Advertisement

Hearing Draws Crowd to Debate Payment Reform

WBUR's Sacha Pfeiffer attended the legislature's first public hearing on revamping the way doctors and hospitals are paid in Massachusetts. Here's a brief report:

Several leaders of the state's health care reform effort testified today at a hearing before the joint commission on health care financing, chaired by Sen. Richard Moore, urging legislators to reform the medical payment process in Massachusetts as quickly as possible. Many of them voiced support for a proposal, made earlier this year by a state commission on payment reform, to radically change how insurers pay doctors and hospitals.

Called "global payments," the plan would set a fixed payment for each patient that would cover all of that patient's care for a whole year. The commission recommended that global payments replace the current system, in which doctors receive a fee for every service they provide — an approach that critics say drives up health care costs unnecessarily by providing a financial incentive to do more.

Citing "unsupportable premium increases" and rapidly rising health care costs, Dolores Mitchell, executive director of the state's Group Insurance Commission, cautioned that "we don't have time to waste." Her concerns were echoed by Dr.

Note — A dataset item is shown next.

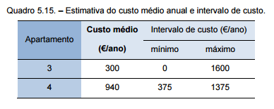 A partir dos valores obtidos no eixo das ordenadas, multiplicando-os pelo valor da permilagem do apartamento, obtém-se um intervalo de custos para o intervalo de confiança de 95% e uma estimativa para o valor médio. Os resultados aferidos encontram-se expostos no quadro 5.15.

Mario Motta, president of the Massachusetts Medical Society, who warned that health care costs in the state have "become unaffordable and unsustainable."

Rick Lopez, Chief Physician Executive of Atrius Health, a strong proponent of reform, testified that "global payments are not a radical new idea but rather a revival of the best of managed care combined with the many lessons we learned back in the 1980’s and 1990’s."

The commission that recommended shifting to a statewide "global payments" system has suggested phasing in the new approach over five years. Massachusetts Secretary of Administration and Finance Leslie Kirwan, who leaves her post tomorrow for a new job at Harvard University, said she considers the five-year plan reasonable but the transition must be "careful and structured" to keep disruption to a minimum.

For more on the hearings, read the State House News Service story here. For those with extraordinary stamina, CommonHealth expects to post video of the entire hearing when it becomes available.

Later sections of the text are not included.